Читать книгу The Downside Ghosts Series Books 1-3: Unholy Ghosts, Unholy Magic, City of Ghosts - Stacia Kane, Stacia Kane - Страница 29
Chapter Twenty-two
Оглавление“… they were not aware of the earth’s power, and so pumped their garbage through it, and dug into it for all manner of things.”
—A History of the Old Government, Volume III: 1800–1900
Six minutes down, six minutes up. Then six minutes back down, if he decided to follow her, which she was sure he would—why wouldn’t he, when as far as anyone knew there were no exits? Alone with one of the Lamaru—the Lamaru with their fucking precious symbol and their bloodthirsty black magic. And they’d infiltrated the Church itself, actually gotten in the building, recruited another employee like her.
If they had one, did they have more?
If they were in the Church now … no one was safe. Not the Elders, not the Goodys, not the regular employees. And definitely not the People, who counted on the Church to keep them safe. The Lamaru didn’t want to keep anyone safe. They just wanted power. Wanted control, wanted adulation. And would do anything to get it.
So what were they doing now?
Unfortunately there was no way to hold the elevator, no emergency brake or lever to flip. So she had twelve minutes to get as far away from here as she could, into the tunnels, if she was even right, and those doors were tunnels and not simply a couple of supply closets or utility rooms full of wires tangled like snakes.
Chess shivered. It was always so cold down here, and silent. The train with its dim, blue interior and flat opaque headlights watched her with the incurious gaze of a predator as the elevator started returning to the surface. Six minutes up, six minutes back.
Two doors cut into the damp cement walls, one on each side of the train. She’d lost her syringe full of lubricant, of course, but sound didn’t matter so much when there were none to hear it. Luckily the lock was easy to pick, a basic tumbler with a rolling catch that she lifted in about thirty seconds. How much time had passed now? One minute, two? Shit, she could almost feel that Lamaru in the room, his black-gloved hands reaching for her, his eyes burning dark from blood sacrifice or who-the-fuck-knew what kind of spells he’d been working … She spun around, ready, but saw only the train’s empty eye staring back at her.

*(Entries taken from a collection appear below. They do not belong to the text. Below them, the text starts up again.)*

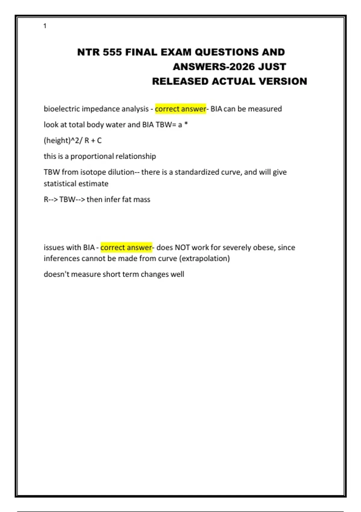 bioelectric impedance analysis - correct answer- BIA can be measured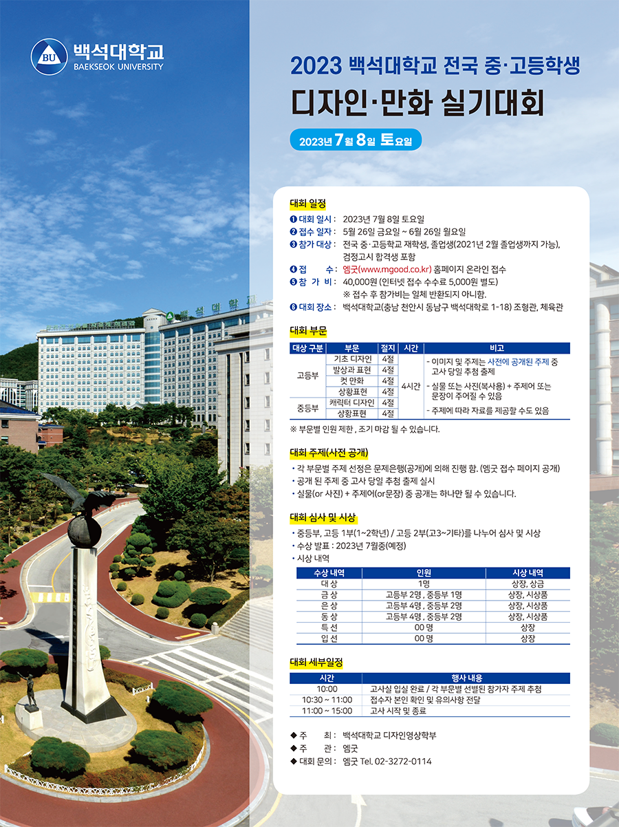 | 수상발표 | 2023-07-31(월) 09시 | 대회장소 | 백석대학교(충남 천안시 동남구 문암로 76) 체육관, 조형관 |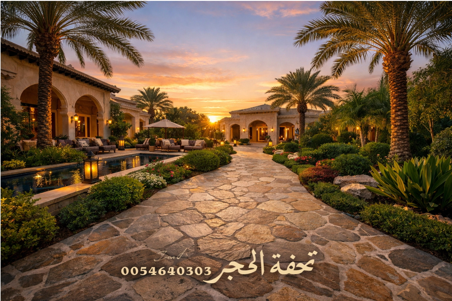 الحل: قمنا بتصميم وتركيب واجهة كاملة للفيلا باستخدام الحجر الرياضي العشوائي بألوانه الفاتحة الدافئة، مما أضفى عليها طابعًا مهيبًا وأنيقًا. كما تم استخدام نفس النوع من الحجر في ممرات الحديقة وأرضيات الفناء الخارجي، مع تنسيق دقيق للأحجام والأشكال لخلق مسارات عضوية تتناغم مع تصميم الحديقة. تم دمج إضاءة أرضية مخفية لإبراز جمال الحجر ليلاً.
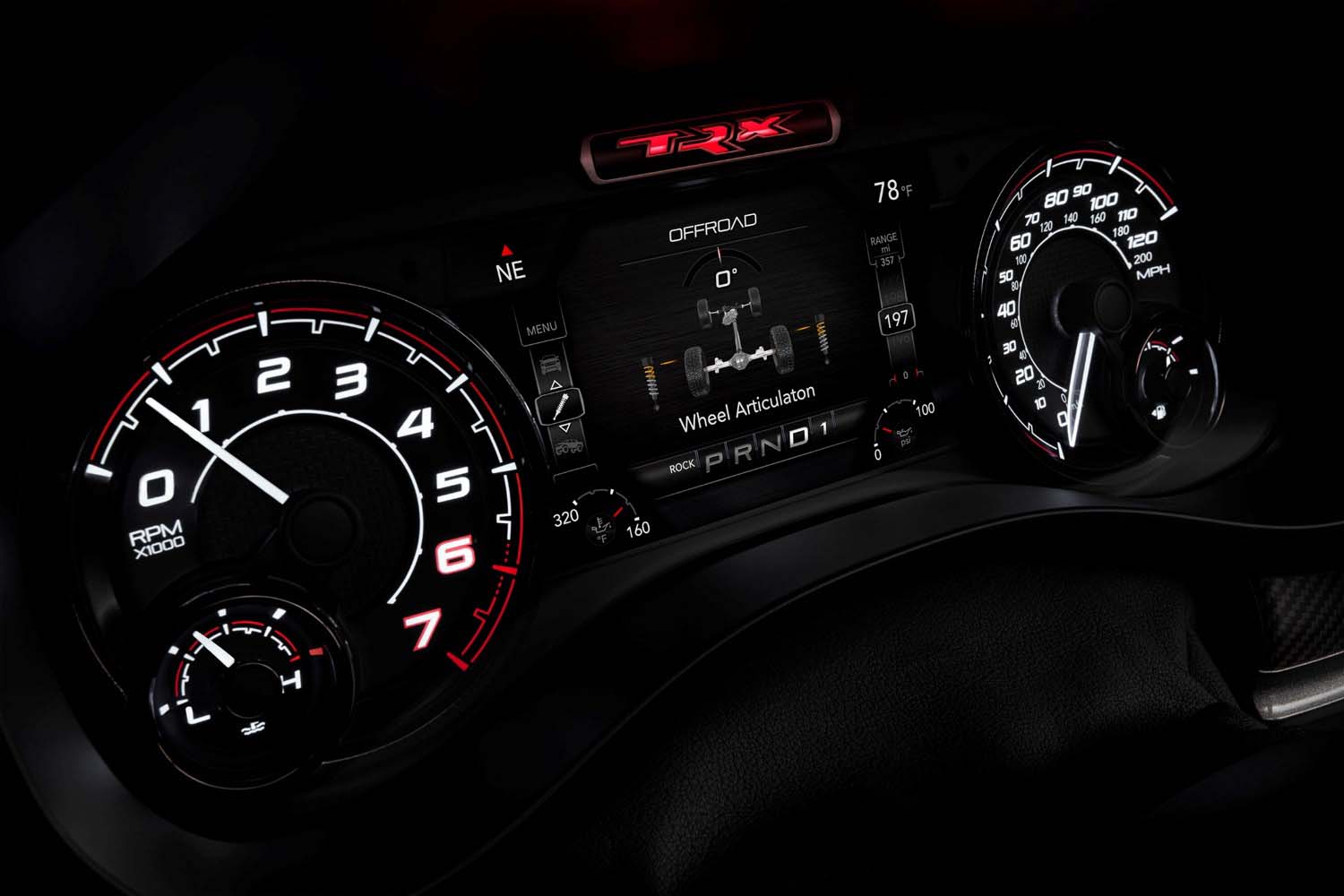 Como ayuda, la Ram TRX también incorpora una pantalla TFT de 7 pulgadas exclusiva del TRX con colores y gráficos únicos, y relojes reconfigurables.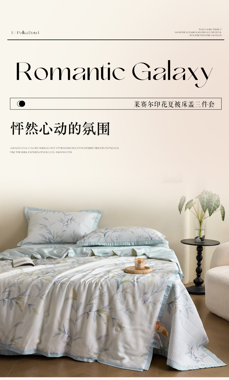 商品名称:黛舒家居2025新款天丝水洗印花夏被床盖三件套 春晓与梦

Wasting time. Back to work.
It was just a closet, as she’d feared. A mop and bucket—she couldn’t imagine why they were there, unless it was simply that closets of this nature grew cleaning implements like fungus. Some wires. A fuse box—oh, fuck yeah.
She jimmied it open with her thinnest pick. How much time had passed now? Three minutes? All of the fuses were lit, they gave no indication of whether or not the elements they controlled were in use, and the elevator shaft was tall enough that she wouldn’t hear the car itself until it got closer. No labels decorated the shiny black metal of the box, either. There was nothing to do but to flip them all, one by one, and if flipping one of them gave her no result at all, she could assume it powered the elevator and leave it off.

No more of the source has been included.